Run the following command to split checkpoint along tensor:
```bash
bash examples/split_tp_partitions.sh
```
Run the following command to merge checkpoint along tensor:
```bash
bash examples/merge_tp_partitions.sh
```
Run the following command to merge checkpoint along pipeline:
```bash
bash examples/merge_pp_partitions.sh
```
The scirpt for converting the 51B ckpt with 16-way pipeline and 1-way tensor to 4-way tensor and 1-way pipeline is provided: 
```
bash examples/ckpt_partitions_51B.sh
```
The scirpt for converting the 102B ckpt with 32-way pipeline and 1-way tensor to 8-way tensor and 1-way pipeline is provided:
```
bash examples/ckpt_partitions_102B.sh
```


There is no fixed order for splitting tensor and merging pipeline. It is generally suggested to split tensor first and then merge pipeline.
If you want to define the parameters for splitting and merging yourself, you can follow the steps below (take 51Bckpt as an example):
>**step1 bash examples/split\_tp\_partitions.sh**
--tensor-model-parallel-size  1
--target-model-parallel-size  8 
--pipeline-model-parallel-size 16
--target-pipeline-model-parallel-size  16
--pipeline-model-parallel-blocks 2,2,2,2,2,3,3,3,3,3,3,3,3,3,3,2
--pipeline-generate-layer 0,1,2,3,4,5,6,7,8,9,10,11,12,13,14,15
**step2 bash examples/merge\_pp\_partitions.sh**
--tensor-model-parallel-size 8
--target-model-parallel-size 8
--pipeline-model-parallel-size 16
--target-model-parallel-size 2
--pipeline-model-parallel-blocks 2,2,2,2,2,3,3,3,3,3,3,3,3,3,3,2
--target-pipeline-model-parallel-blocks 10,32
--tensor-generate-layer 0,1,2,3,4,5,6,7

When runing step2 after step1, the splited ckpt obtained by step1 need to be as LOAD_CHECKPOINT_PATH in script2. It should be noted that `tensor-model-parallel-size` and `pipeline-model-parallel-size` need to be the same as the number of tensor ways and parallel ways in the loaded checkpoint.
 

## Notice

### --pipeline-generate-layer and --tensor-generate-layer

They can used to control which layers only convert the parameter. If all layers are converted, specify all-way pipelines or all-way tensors(for example, 4-way tensor: 0,1,2,3. 1-way tensor:0. 1-way pipeline:0, 8-way pipeline:0,1,2,3,4,5,6,7). If only convert the layers in pipeline stage 0,1, specify the parameter `--pipeline-generate-layer` as 0,1. If only convert the layers in tensor 3,4,5,6, specify the parameter `--tensor-generate-layer` as 3,4,5,6.

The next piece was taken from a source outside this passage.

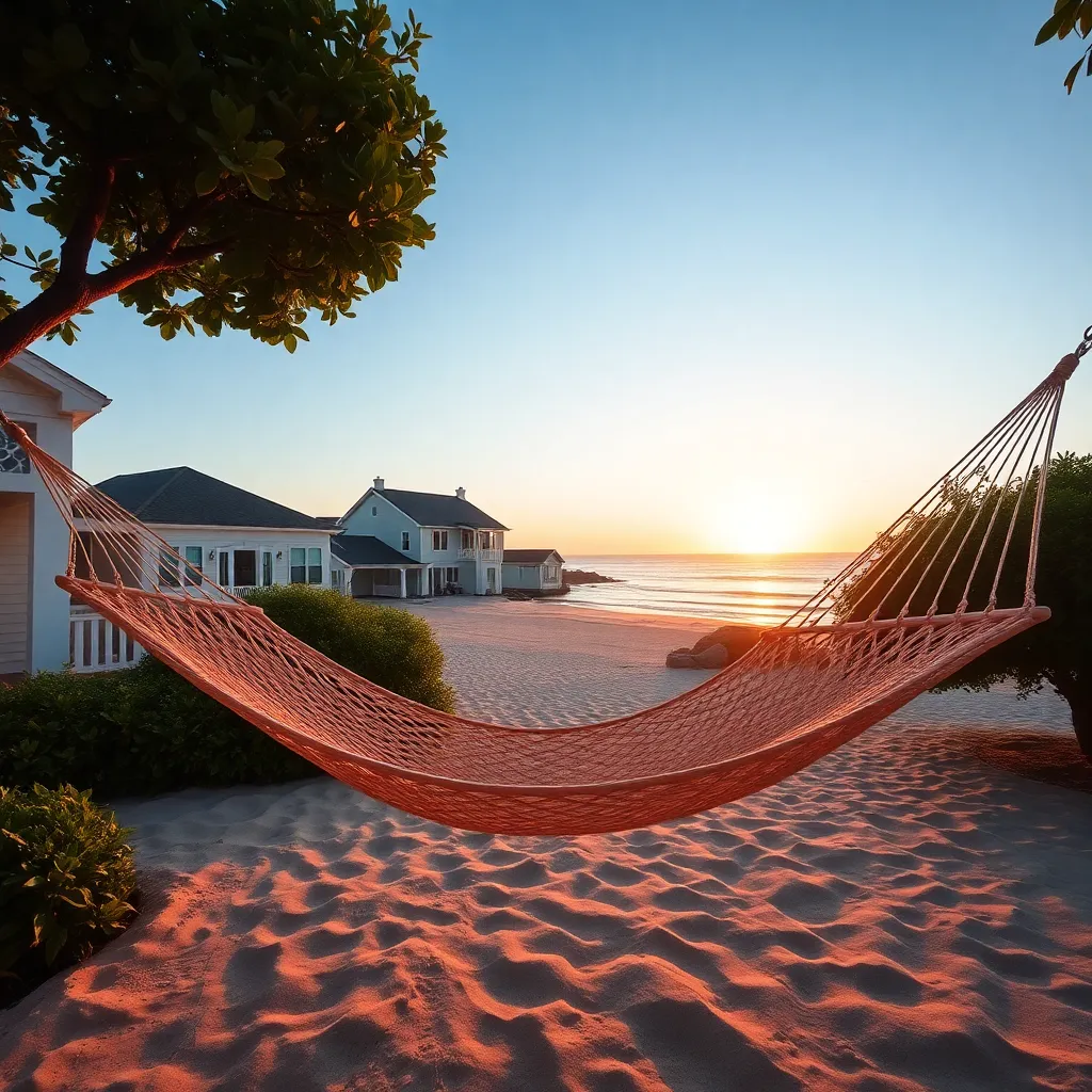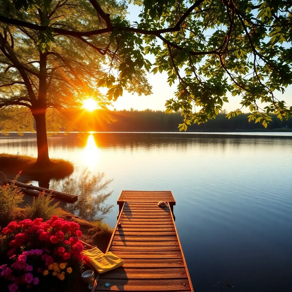 Imagine a serene weekend getaway to a secluded lakehouse. The sun is setting over the calm waters, casting a warm golden glow. A hammock swings gently in the breeze, surrounded by lush greenery and vibrant wildflowers. The air is filled with the sweet scent of blooming lavender and the sound of chirping crickets.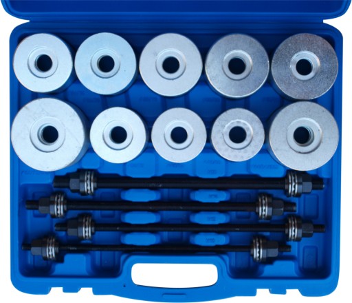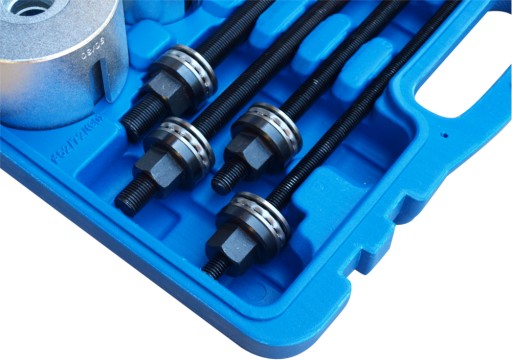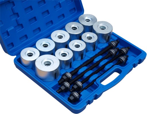 Zestaw służy do montażu i demontażu łożysk w zwrotnicach oraz tulejek zawieszenia. W zestawie prasa śrubowa i adaptery. Wszystko w eleganckiej walizce.

### --pipeline-model-parallel-blocks and --target-pipeline-model-parallel-blocks

`--pipeline-model-parallel-blocks` specifys the number of transformer layers for each pipeline stage, and the length of this parameter needs to equal with pipeline-model-parallel-size. `--target-pipeline-model-parallel-blocks` specify the number of transformer layers for each pipeline stage in output model and its length needs to equal with target-pipeline-model-parallel-size.

### WORLD\_SIZE setting

When procesing 51B/102B ckpt, if *'AssertionError: num of args.pipeline\_model\_parallel\_blocks must eq args.pipeline\_model\_parallel\_size'* occurs, it may be because tensor\_model\_parallel\_size * pipeline\_model\_parallel\_size > world\_size. Modifying **os.environ["WORLD\_SIZE"] in scirpt merge\_pp\_partitions.py/split\_tp\_partitions.py** can solve this problem. It is recommended to set it to **256** as it is large enough to cover most cases.